Exact retyping of the data: please keep every word and drop each picture.

DATA RECORDS:

● ● ● ● ●

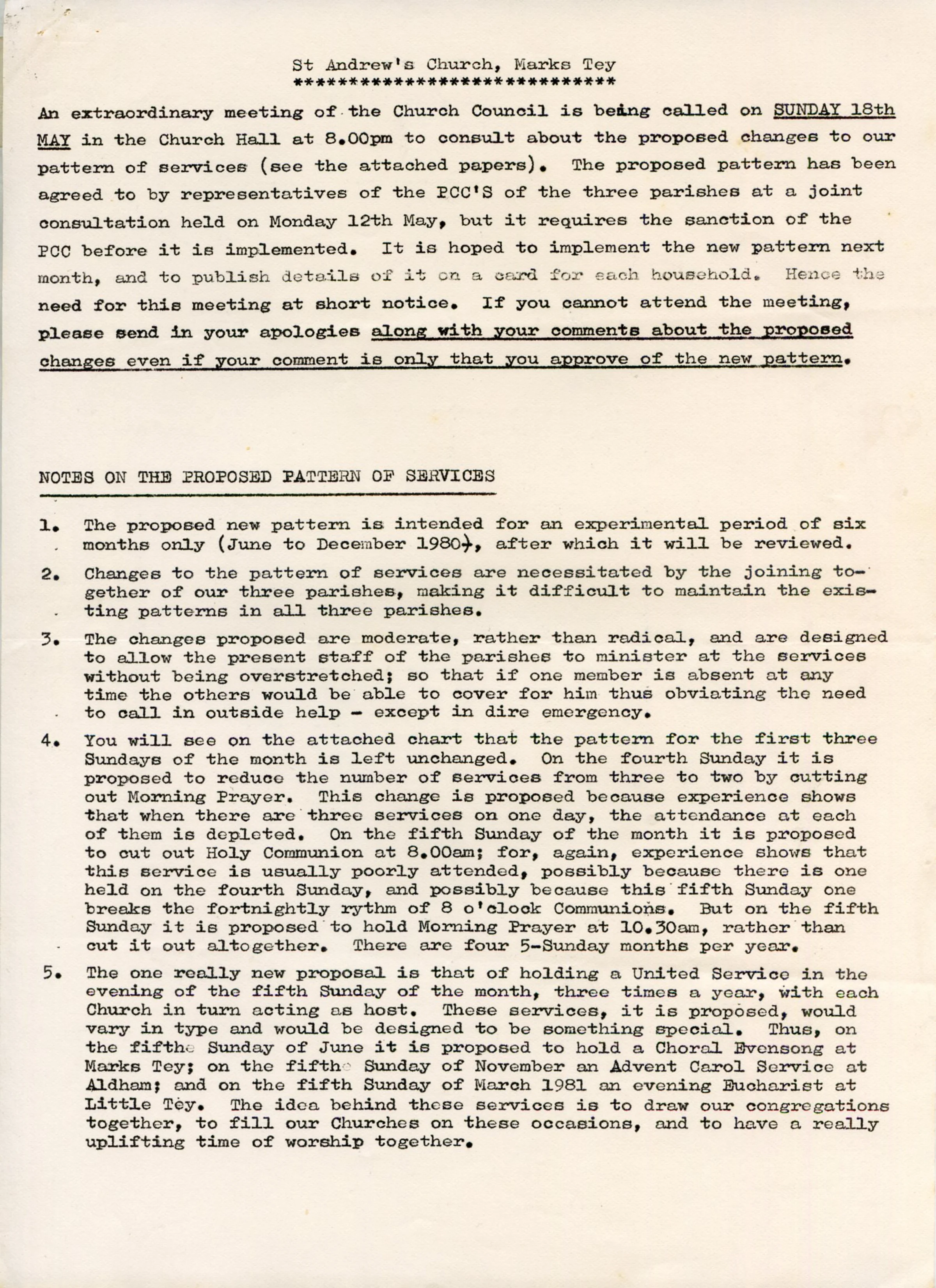 Agenda for an Extraordinary meeting of the Parochial Church Council, 18th May 1980. Page 1 of 3.
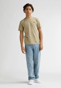 T-shirt en coton kaki à manches courtes, avec un petit motif graphique. Associé à un jean denim bleu clair et des baskets blanches. Fond uni.
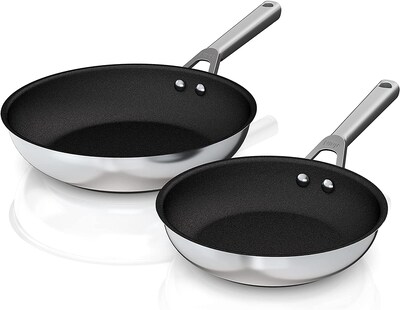 - WHAT'S INCLUDED: Easy-to-clean stainless nonstick small 8-inch fry pan and medium 10.25-inch fry pan.
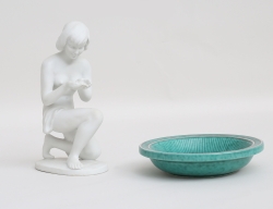 Wilhelm Kåge Gustavsberg, diameter 15,5, figurin Kurt Steiner, Wallendorf, parian, signerad i godset, höjd 20 (2)
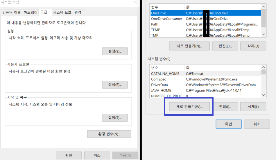 새로만들기 클릭 후 변수이름과 변수값(패키지의 루트이며, workspace를 어디로 지정했는지에 따라 경로 다를 수 있음) 넣어주면 추가됨(나는 등록하지 않음! 이클립스가 해주기 때문에...)
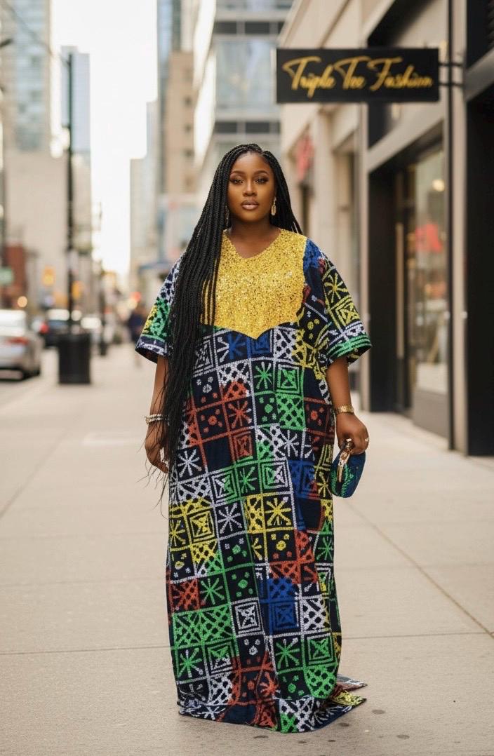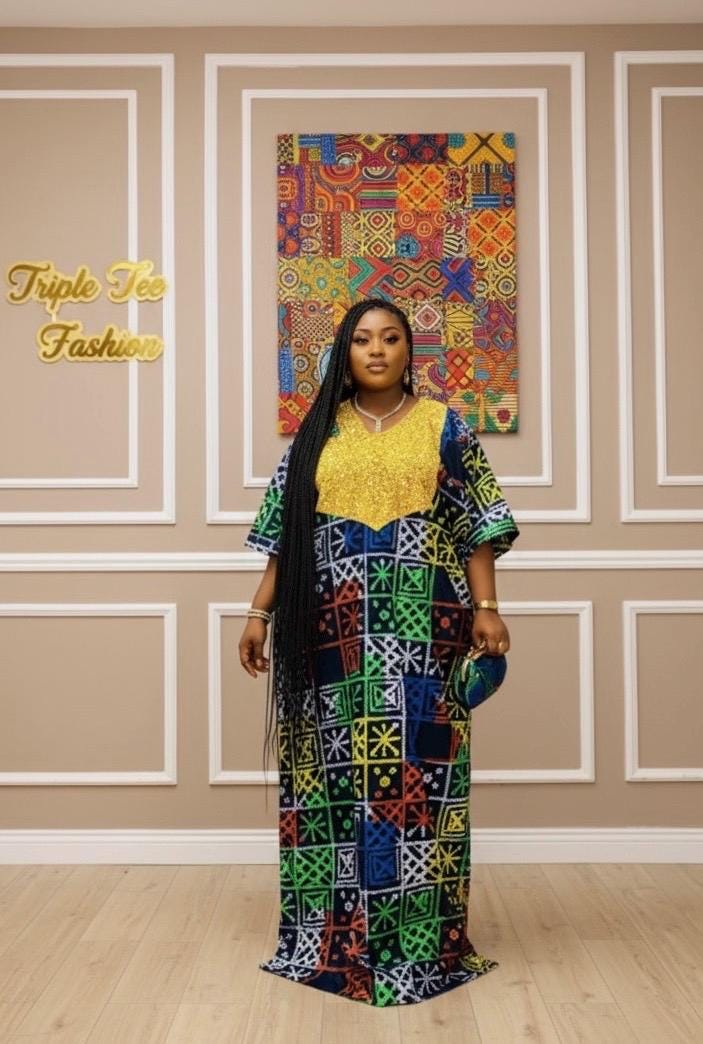 Our dazzling Kampala and sequins kaftan boubou, a fusion of vibrant African prints and glamorous embellishments.
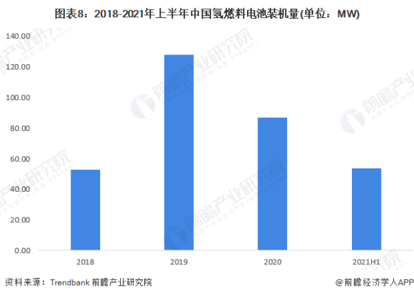 2018-2020年,中国氢燃料电池装机量呈波动下降态势。从装机功率来看,2019年是中国氢燃料电池行业发展较好的一年,政府为发展新能源行业而出台一系列补贴政策进行鼓励和扶持;2020年,受疫情和补贴退坡的影响,中国燃料电池装机量仅为87MW,其中约80MW使用在氢燃料电池汽车领域。目前,氢燃料电池行业仍处于复苏时期,2021年上半年装机量超过50MW。
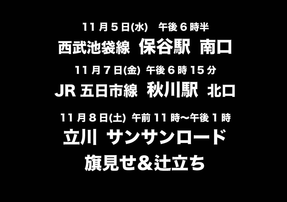 #冨田いたる 一人辻立ち&旗見せ #今週の予定 11/5(水) 保谷駅18:30 11/7(金) 秋川駅18:15 11/8(土) 立川サンサンロード 11: 00〜13:00 お気軽にお越しください x.com/itaru1964/stat…
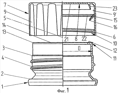 На фиг. 1 показана опорная зона 2 бутылки 1 с горлышком 3, которое имеет наружную резьбу 4 и среднюю ось 5. Кроме того, показан имеющий внутреннюю резьбу 6 винтовой колпачок 7, который так же, как бутылка 1, может состоять, например, из пластмассы, такой как полиэтилен или полиэтилентерефталат. Этот винтовой колпачок 7 снабжен закрывающим участком 8 и имеющим внутреннюю резьбу 6 гильзообразным участком 9 с отверстием 10 для навинчивания на наружную резьбу 4 имеющего кромку 11 горлышка 3 бутылки 1 и свинчивания с нее.

● ● ● ● ●

ANSWER SPACE:
 Agenda for an Extraordinary meeting of the Parochial Church Council, 18th May 1980. Page 1 of 3.
 T-shirt en coton kaki à manches courtes, avec un petit motif graphique. Associé à un jean denim bleu clair et des baskets blanches. Fond uni.
 - WHAT'S INCLUDED: Easy-to-clean stainless nonstick small 8-inch fry pan and medium 10.25-inch fry pan.
 Wilhelm Kåge Gustavsberg, diameter 15,5, figurin Kurt Steiner, Wallendorf, parian, signerad i godset, höjd 20 (2)
 새로만들기 클릭 후 변수이름과 변수값(패키지의 루트이며, workspace를 어디로 지정했는지에 따라 경로 다를 수 있음) 넣어주면 추가됨(나는 등록하지 않음! 이클립스가 해주기 때문에...)
 Our dazzling Kampala and sequins kaftan boubou, a fusion of vibrant African prints and glamorous embellishments.
 2018-2020年,中国氢燃料电池装机量呈波动下降态势。从装机功率来看,2019年是中国氢燃料电池行业发展较好的一年,政府为发展新能源行业而出台一系列补贴政策进行鼓励和扶持;2020年,受疫情和补贴退坡的影响,中国燃料电池装机量仅为87MW,其中约80MW使用在氢燃料电池汽车领域。目前,氢燃料电池行业仍处于复苏时期,2021年上半年装机量超过50MW。
 #冨田いたる 一人辻立ち&旗見せ #今週の予定 11/5(水) 保谷駅18:30 11/7(金) 秋川駅18:15 11/8(土) 立川サンサンロード 11: 00〜13:00 お気軽にお越しください x.com/itaru1964/stat…
 На фиг. 1 показана опорная зона 2 бутылки 1 с горлышком 3, которое имеет наружную резьбу 4 и среднюю ось 5. Кроме того, показан имеющий внутреннюю резьбу 6 винтовой колпачок 7, который так же, как бутылка 1, может состоять, например, из пластмассы, такой как полиэтилен или полиэтилентерефталат. Этот винтовой колпачок 7 снабжен закрывающим участком 8 и имеющим внутреннюю резьбу 6 гильзообразным участком 9 с отверстием 10 для навинчивания на наружную резьбу 4 имеющего кромку 11 горлышка 3 бутылки 1 и свинчивания с нее.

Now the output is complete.